:: EXERCISE DESCRIPTION ::
Using the records that follow, reproduce exactly the lines starting at the line containing "Godox FC-16 - Parts;" and ending at the line containing "Mor V Yaka Örgü Kadın Hırka". Include both end lines and no pictures.
==================================================
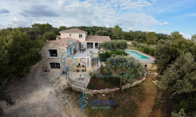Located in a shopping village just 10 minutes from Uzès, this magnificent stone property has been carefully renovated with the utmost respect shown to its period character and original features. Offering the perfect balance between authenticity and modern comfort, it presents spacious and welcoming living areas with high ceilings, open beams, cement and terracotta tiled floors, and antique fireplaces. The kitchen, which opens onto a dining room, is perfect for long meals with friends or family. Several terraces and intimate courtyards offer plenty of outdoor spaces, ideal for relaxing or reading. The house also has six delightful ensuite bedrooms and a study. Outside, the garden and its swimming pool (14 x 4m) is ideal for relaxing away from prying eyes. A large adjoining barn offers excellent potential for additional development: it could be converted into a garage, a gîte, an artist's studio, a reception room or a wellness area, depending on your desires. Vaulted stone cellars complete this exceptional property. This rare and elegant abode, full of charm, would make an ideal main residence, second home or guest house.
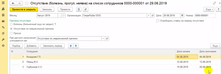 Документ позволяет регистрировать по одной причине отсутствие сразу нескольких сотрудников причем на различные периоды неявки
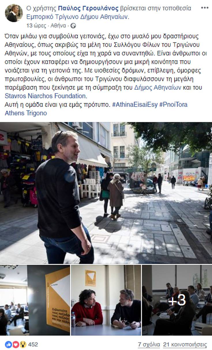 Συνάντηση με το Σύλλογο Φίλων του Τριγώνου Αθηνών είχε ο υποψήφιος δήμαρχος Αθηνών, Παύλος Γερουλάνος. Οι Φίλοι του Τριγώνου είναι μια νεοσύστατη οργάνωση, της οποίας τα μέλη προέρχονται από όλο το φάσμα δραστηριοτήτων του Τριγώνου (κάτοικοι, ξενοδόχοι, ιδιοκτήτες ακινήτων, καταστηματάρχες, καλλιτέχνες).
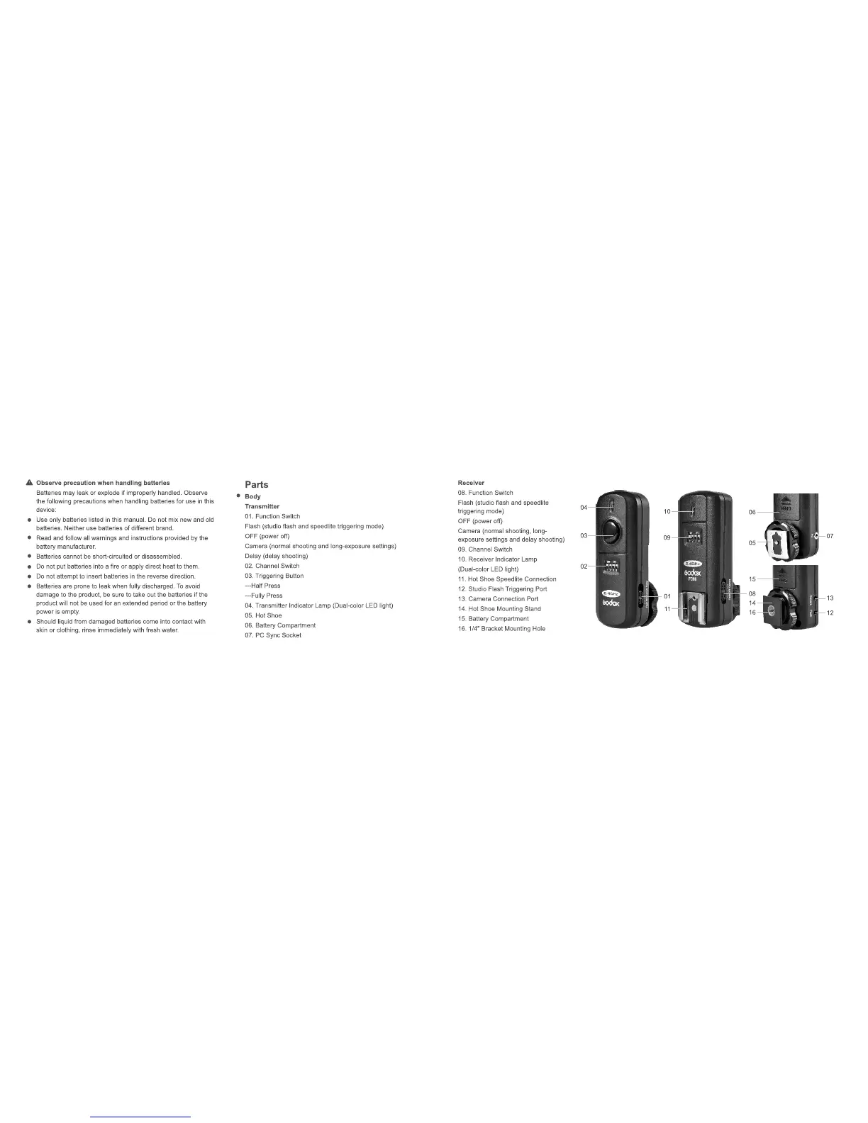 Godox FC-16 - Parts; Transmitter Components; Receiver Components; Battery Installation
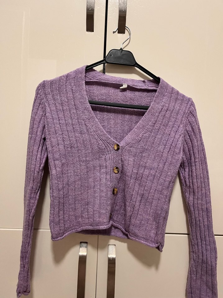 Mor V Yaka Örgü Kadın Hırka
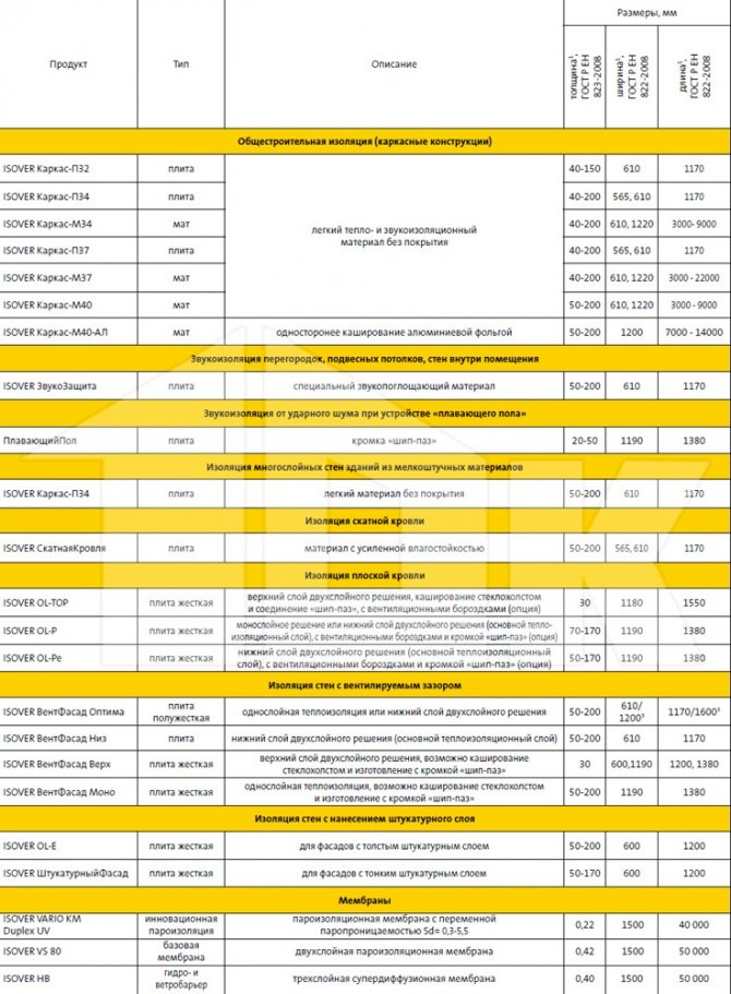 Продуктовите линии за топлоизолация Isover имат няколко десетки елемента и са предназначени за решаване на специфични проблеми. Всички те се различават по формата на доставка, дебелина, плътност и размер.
==================================================
:: RESPONSE FOR THIS EXERCISE ::
 Godox FC-16 - Parts; Transmitter Components; Receiver Components; Battery Installation
 Mor V Yaka Örgü Kadın Hırka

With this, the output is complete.